Australian automotive vlogger (born 1985)

Alexandra Mary Hirschi (née Darvall; born 21 September 1985), known online as Supercar Blondie, is an Australian social media celebrity, presenter, and vlogger based in Dubai, United Arab Emirates. She is best known for her automotive videos, which she posts on a regular basis on Facebook, Instagram and YouTube. Her Facebook page has hit 62 million followers, her Instagram over 12.8 million followers, and she has over 21 million subscribers on YouTube. According to Socialbakers, her Facebook page was globally the fastest growing auto page in 2018.

==Personal life==
Born in Brisbane, Australia, Hirschi had a passion for cars at an early age. The first car she owned was a Mitsubishi Lancer. Hirschi studied Journalism & Business at Queensland University of Technology before moving to Dubai in 2008. For 9 years, she was a newsreader and presenter for a talk radio show on Dubai Eye 10.8, where she interviewed many celebrities including John Travolta, Jake Gyllenhaal and Liam Neeson. In 2018, she left the radio show and became a full-time video creator on social media.

== Career ==
Hirschi's social media presence allows automotive brands like Bugatti and Ferrari to advertise their products through her. Instead of being an automotive journalist, she states that she provides "insight into the supercar culture and what it’s like to drive these incredible cars in a light, fun way." Being one of the few women in supercar culture, she also opens up the demographic for these vehicles.

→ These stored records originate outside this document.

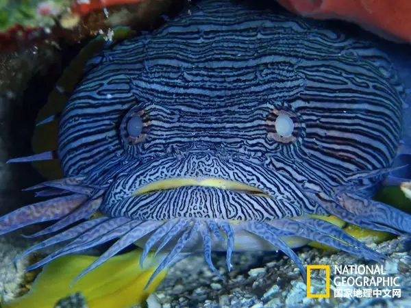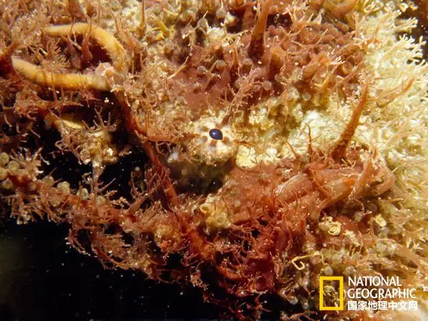 流苏琵琶鱼是200多种琵琶鱼中的一种,这些鱼通过伪装以及生理上的钓鱼构造捕食猎物,这也是它们名称的由来。这种鱼在突出的棒状背鳍棘上放置菌类作为诱饵,诱惑猎物靠近,然后,张开血盆大嘴将猎物一口吞下。
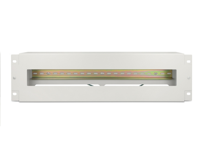 Delock 19” Jističová lišta s krytem a DIN lištou, 3U, kovově šedá
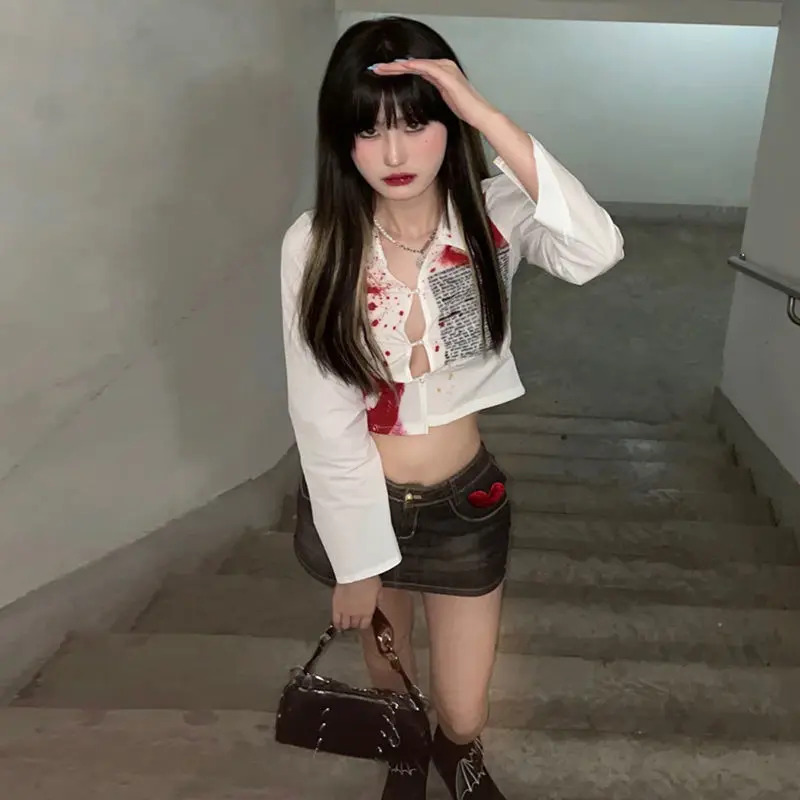 Свободная Повседневная Джинсовая блузка топы однобортные черные/армейские
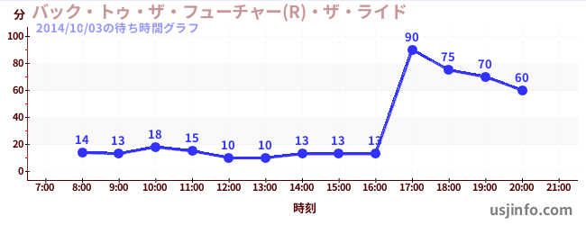 • バック・トゥ・ザ・フューチャー(R)・ザ・ライド$B$N(B2014年10月03日の待ち時間
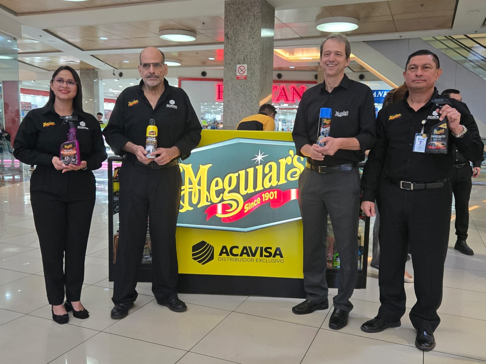 Ivania Castro, jefe de mercadeo regional en ACAVISA, comentó: “Estamos emocionados de inaugurar nuestro primer kiosco y acercarnos más a nuestros clientes aquí en City Mall con nuestro amplio portafolio de MEGUIAR’S, llevándoles lo mejor en cuidado para sus automóviles”.
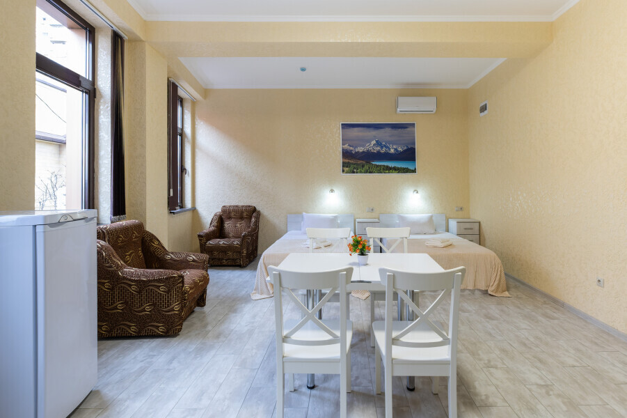 Комфортабельный двухкомнатный номер оснащен двумя двуспальными кроватями и раскладным креслом для полноценного отдыха. Так же в номере имеется кондиционер, холодильник, ЖК телевизор и собственный санузел с душем, которые обеспечат максимальное удобство.
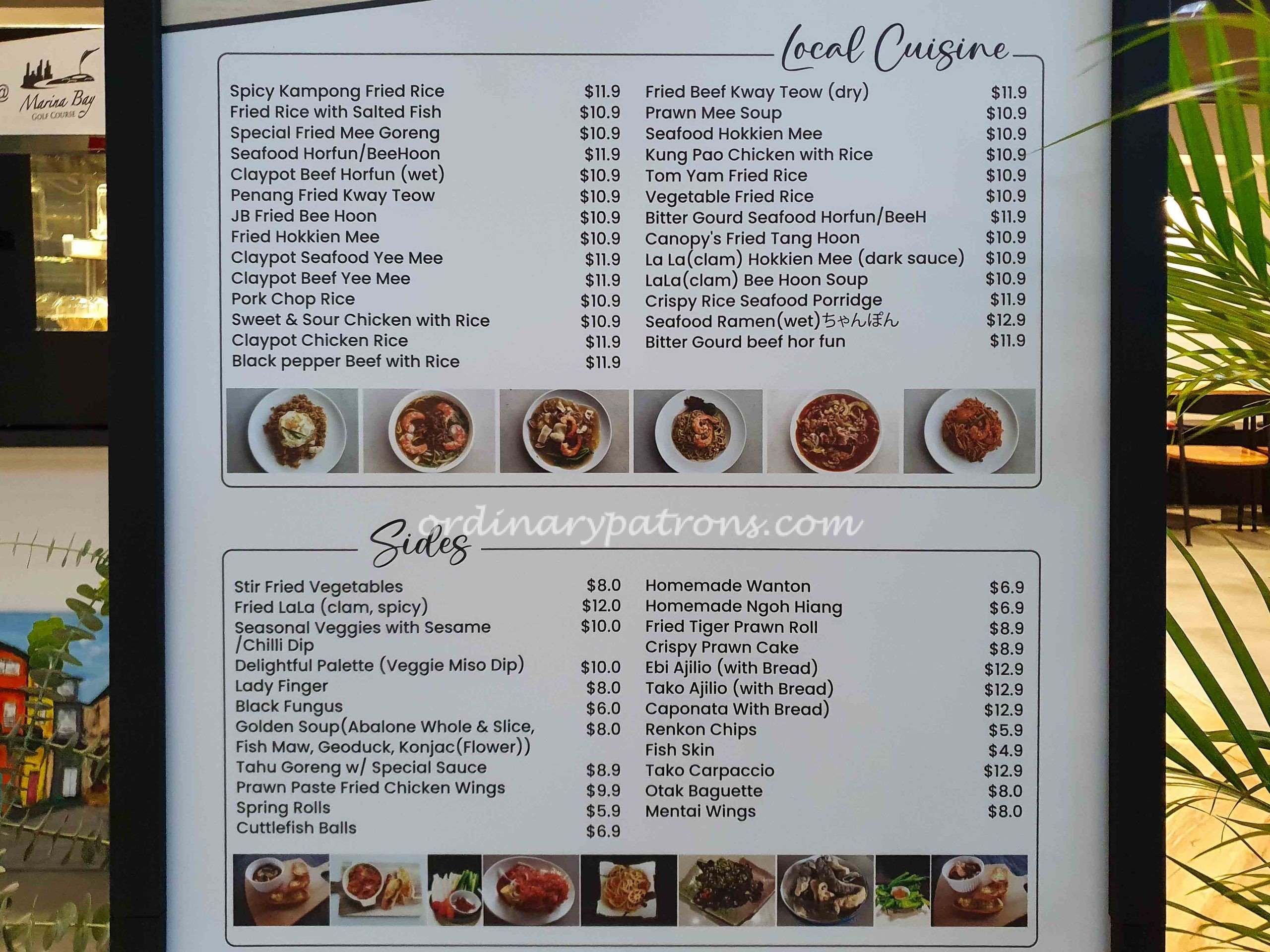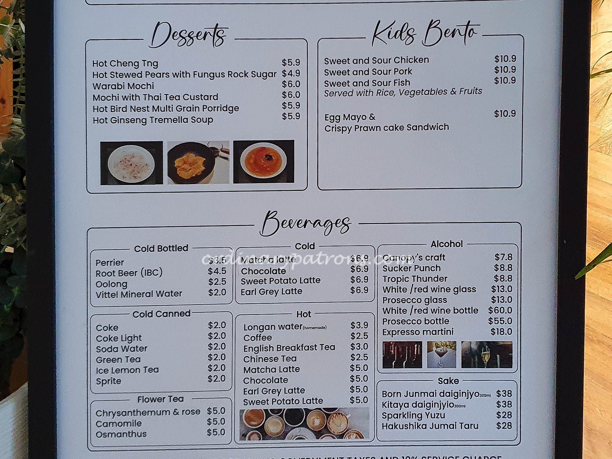 The menu of The Canopy Cafe in Katong V has a long list of one-dish meals, including the popular JB Fried Bee Hoon and Crispy Rice Seafood Porridge. The side dishes on the menu may in fact be more interesting – with options like Fried Lala, Ngoh Hiang and Otak Baguette. There are also desserts and beverages. The cafe also offers kids bento and an afternoon tea set.

In March 2018, Arabian Business listed her as one of the 50 Most Influential Women In The Arab World, and it nominated her in 2019 as one of Top 30 most influential women in the Arab world. Also in March 2018, Esquire Magazine Middle East named her Influencer of the Year.

She appeared on Germany's free to air TV RTL II on the car show GRIP Das Automagazin on 10 June 2018, co-presenting the one-off Bugatti L'Or Blanc and the La Ferrari Aperta.

In January 2019, Broadcasting & Cable announced Hirschi will be hosting their new car TV show Car Crews. The show is released on Insight TV and focuses on uncovering different car cultures across the United States.

She has driven the official Batmobile from the feature film Batman (1989). The best watched non car video on her YouTube channel is on the submersible of U-Boat Worx. Which she herself followed up with a video of their newest model, the SuperSub.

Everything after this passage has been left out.